During his 2008 presidential campaign, President Obama committed to working to end childhood hunger in America. Four years later, while the economy slowly begins to recover and banks and the auto industry have come back from the brink of collapse, 16 million children are at risk of hunger.  Ensuring children in this country have the food they need to live, learn and play is critical if we are to produce a healthy, educated future workforce and keep America’s economy moving forward.

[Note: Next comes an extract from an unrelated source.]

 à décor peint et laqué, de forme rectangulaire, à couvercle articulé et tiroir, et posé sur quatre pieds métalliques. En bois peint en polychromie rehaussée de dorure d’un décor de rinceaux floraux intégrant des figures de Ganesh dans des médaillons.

In his first 100 days of this new administration, President Obama has the opportunity to take on issues of poverty and hunger, and to lay the ground work for bold initiatives over the next four years. The inauguration address and State of the Union provide an opportunity to tell the American people why ending childhood hunger is a responsibility shared by the federal and state governments, and the public and private sectors. It is also an opportunity to draw a line in the sand against future cuts to SNAP, formerly known as food stamps – a poverty-relieving program that helps 46 million Americans put food on the table for their children.

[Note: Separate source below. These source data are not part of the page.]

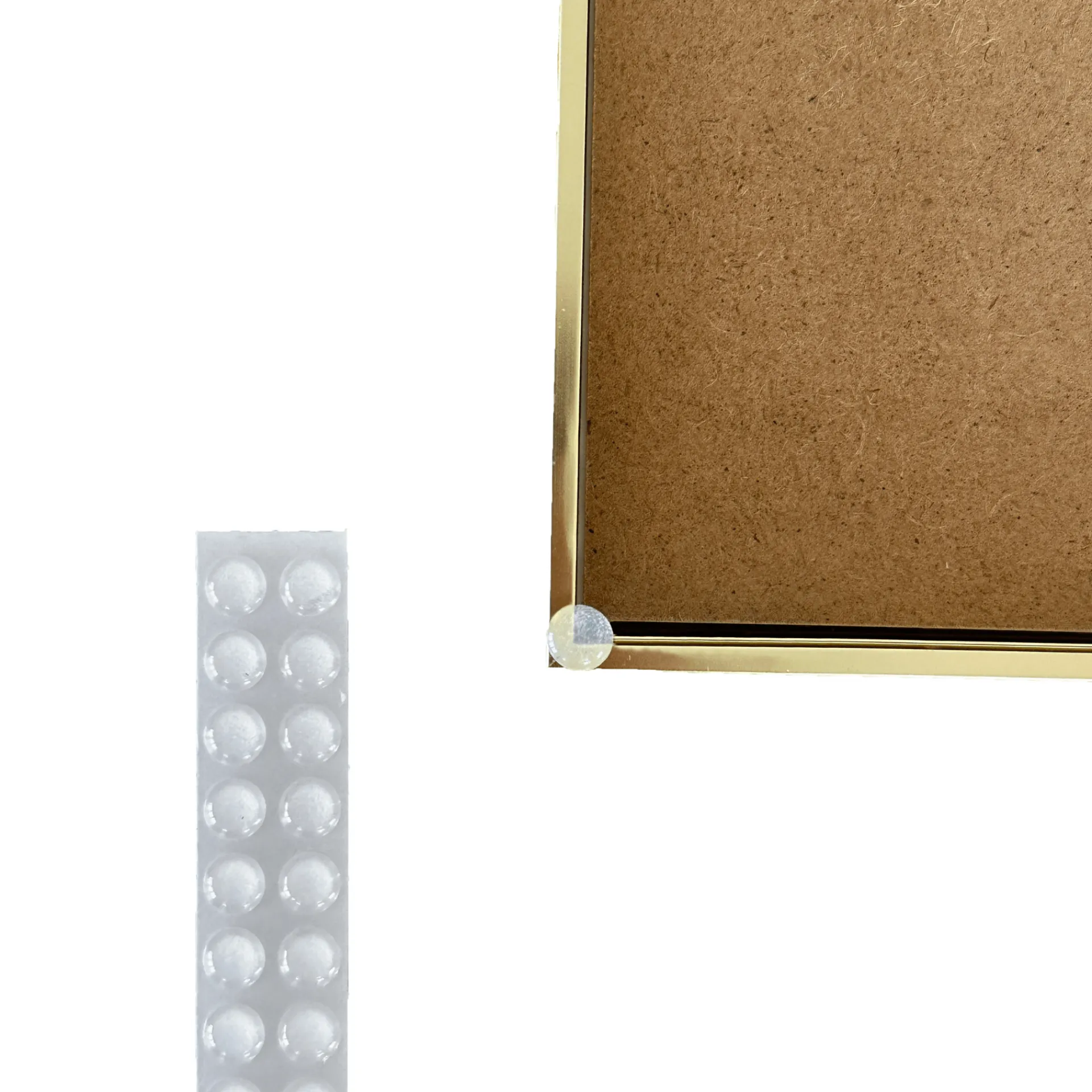 Med disse selvklæbende gummidutter beskytter du dine vægge mod mærker fra billedrammer, spejle og andre ophæng. De små, transparente klæbepuder placeres diskret på bagsiden af rammen, så der er ingen direkte kontakt mellem ramme og væg.
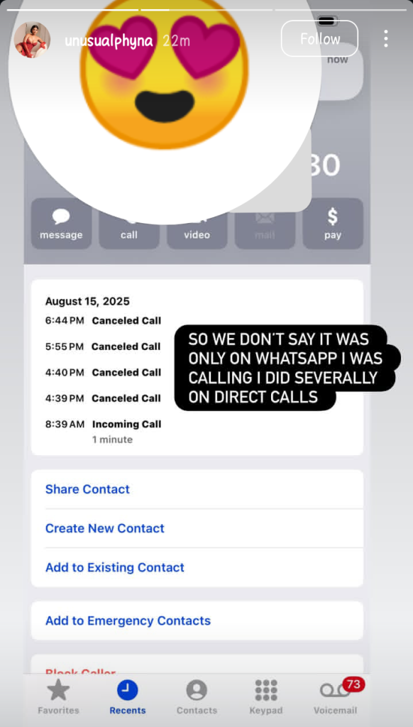 The chats appeared to show both parties discussing meeting times, warning messages, and multiple missed calls from her to him. She further included direct call logs to prove she attempted to reach him outside WhatsApp.
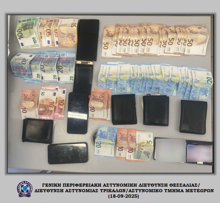 Ειδικότερα, όπως προέκυψε, προχθές (16-09-2025) το πρωί σε περιοχή του Δήμου Μετεώρων, οι -3- δράστες, με τη μέθοδο του τεχνητού συνωστισμού, αφαίρεσαν το πορτοφόλι άλλου αλλοδαπού, το οποίο περιείχε το χρηματικό ποσό των -200- ευρώ, τραπεζικές κάρτες και προσωπικά έγγραφα, ενώ ο τέταρτος δράστης είχε τον ρόλο του οδηγού Ι.Χ.Ε. αυτοκινήτου. Στη συνέχεια, με την χρήση αφαιρεθέντων καρτών, προέβησαν σε διαδικτυακές αγορές σε καταστήματα του εξωτερικού, συνολικής αξίας -1.893,23- ευρώ. Μετά από συντονισμένες ενέργειες των αστυνομικών εντοπίστηκαν οι δράστες να επιβαίνουν σε Ι.Χ.Ε. αυτοκίνητο. Ο ένας εκ των δραστών δήλωσε ψευδή στοιχεία ταυτότητας, επιδεικνύοντας ταυτότητα αλλοδαπών Αρχών με στοιχεία άλλου ατόμου, ενώ σε βάρος του υπάρχει σε ισχύ μέτρο που αφορά τη νομοθεσία περί αλλοδαπών. Κατασχέθηκαν από την κατοχή των δραστών το χρηματικό ποσό των -2.925- ευρώ, -5- πορτοφόλια, 4- κινητά τηλέφωνα, το προαναφερόμενο δελτίο ταυτότητας, με τα στοιχεία άλλου ατόμου καθώς και μία άδεια ικανότητας οδήγησης. Οι συλληφθέντες οδηγήθηκαν στον κ. Εισαγγελέα Πλημμελειοδικών Τρικάλων, ενώ την προανάκριση διενεργεί το Αστυνομικό Τμήμα Μετεώρων.

The next four years provide a historic opportunity to end childhood hunger in America. We have the systems in place through federal nutrition programs, including school breakfast and school lunch programs, to achieve this goal, but the task will demand leadership from all quarters.  The No Kid Hungry campaign represents the essence of the kind of bipartisanship effort President Obama will need if he is to be successful in a still politically divided nation: public-private partnerships, driven by state leaders, with measurable and tangible outcomes. The No Kid Hungry campaign has brought together Republican Governors Bob McDonnell (VA) and Nathan Deal (GA) and Democratic Governors like Martin O’Malley (MD) and Mike Beebe (AR). We work with large corporations, passionate non-profits, teachers, chefs and parents who share our goal of a No Kid Hungry nation.

Immediately after his election in 2008, President Obama directed his Administration to respond to the looming financial crisis by aiding banks, the auto industry, and others in the private sector. His reelection is an opportunity to now focus that support on Americans living in poverty. One in five of our nation’s children is at risk of hunger, and can wait no longer for the government at the federal and state level to do their part.